New analysis from Zillow predicts that housing demand will stay high for years to come due to low rates of household formation. Zillow found that since the Great Recession 5.7 million missing households now exist. These "missing" households are formed when people who would have historically moved into their own home, were unable or unwilling to do so.
According to the report, if rates remained at pre-Great Recession levels, there would be 5.7 million more U.S. households today. Zillow also stated that whether or not household formation rates begin to recover in the coming years, the missing households from the past 15 years and the large Millennial generation aging into peak homebuying age should keep housing demand high for the foreseeable future.

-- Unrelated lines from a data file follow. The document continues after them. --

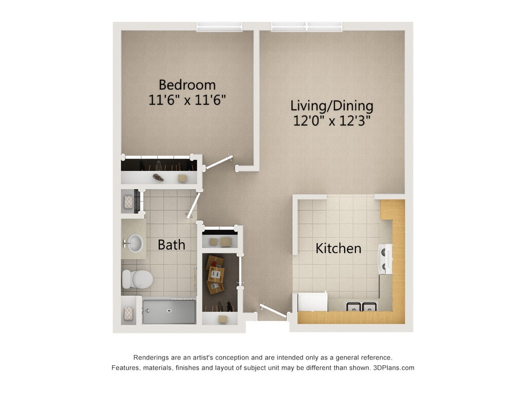 1 Dormitorio, 1 Baño, 614 pies²Disponible AhoraGalería del Modelo
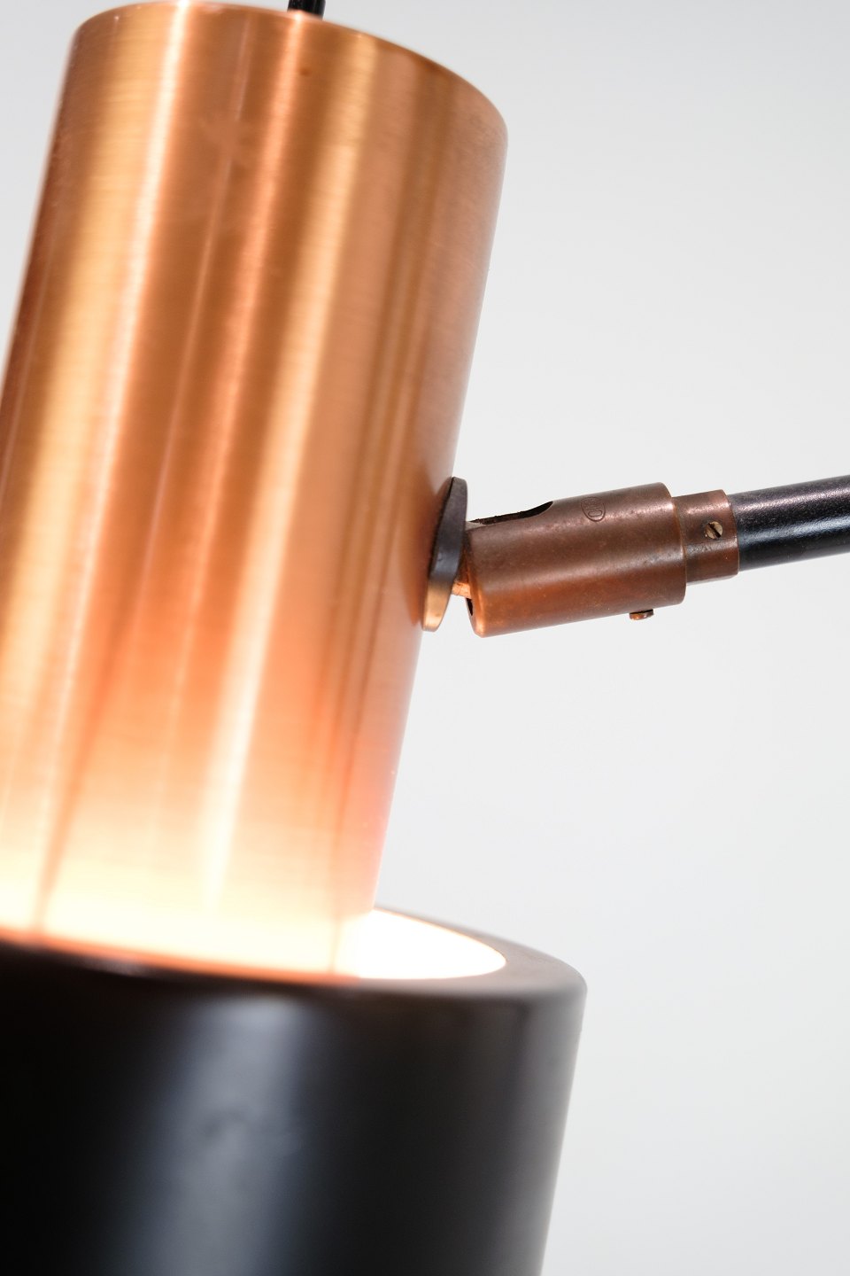 SoldThis floor lamp, known as Model Studio, is a beautiful example of Danish lighting design from the 1970s. The lamp has a black lacquered metal stem with a copper colored base that adds a touch of elegance and warmth to any interior.
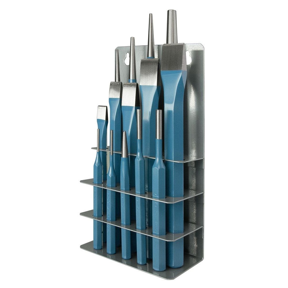 Beitelset in houder 14-delig in metalen displayrek.
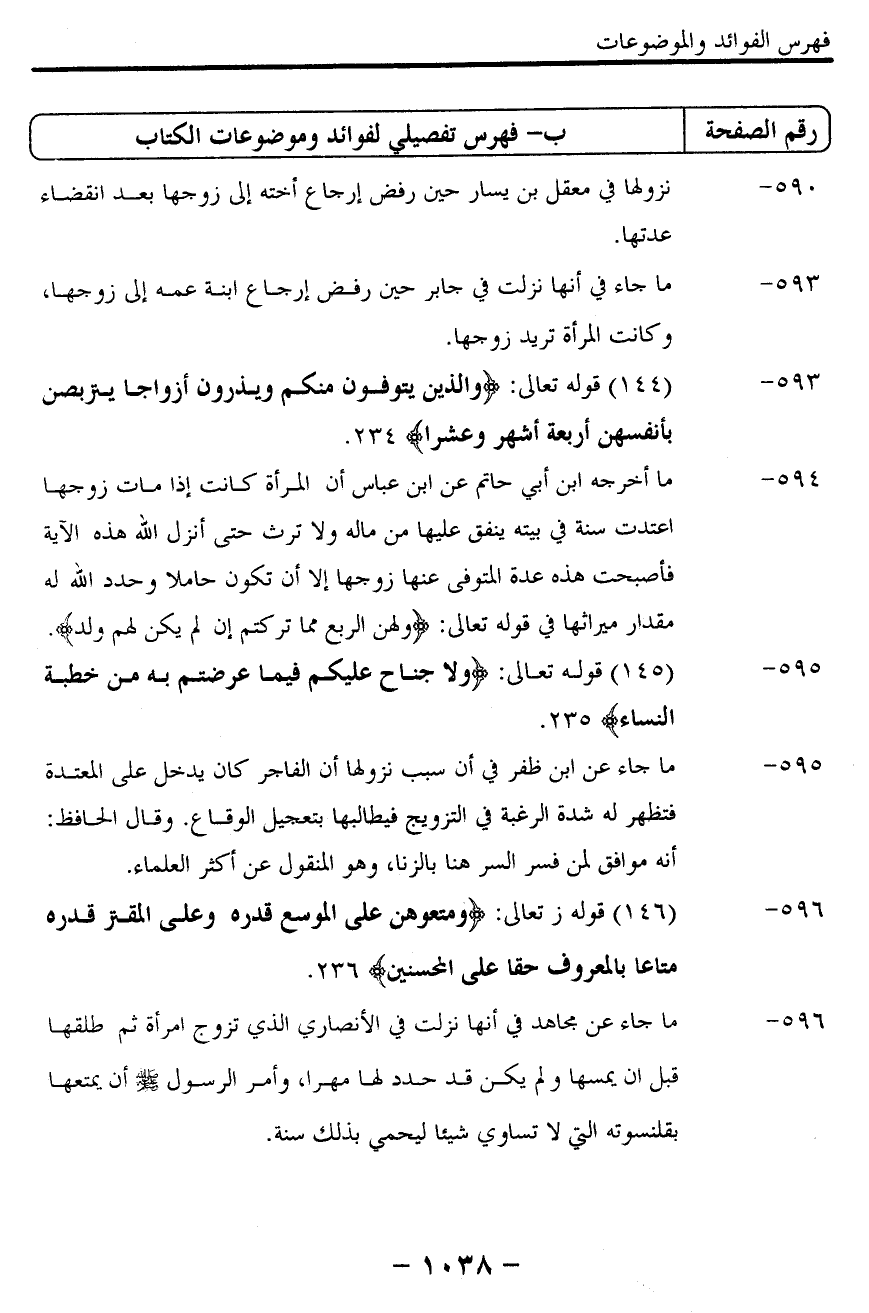 593- "144" قوله تعالى: {وَالَّذِينَ يُتَوَفَّوْنَ مِنْكُمْ وَيَذَرُونَ أَزْوَاجًا يَتَرَبَّصْنَ بِأَنْفُسِهِنَّ أَرْبَعَةَ أَشْهُرٍ وَعَشْرًا} 234.

The report does point out that interest in wanting to form a household has not declined, rather, long-term financial and housing factors have made homeownership and household formation more difficult.
"The housing crash set back millions of Americans on the path to having their own place to call home, whether they owned or rented it," said Zillow senior economist Jeff Tucker. "Between a wave of foreclosures, rising rents, and under-building of new homes, the housing market became much harder to crack into from 2006 to 2017. The last two years showed that when the economy is firing on all cylinders and most Americans have access to decent jobs, more of them will be able to find a home of their own. The sooner we can put the pandemic and 2020 recession behind us, the sooner access to housing can resume its expansion."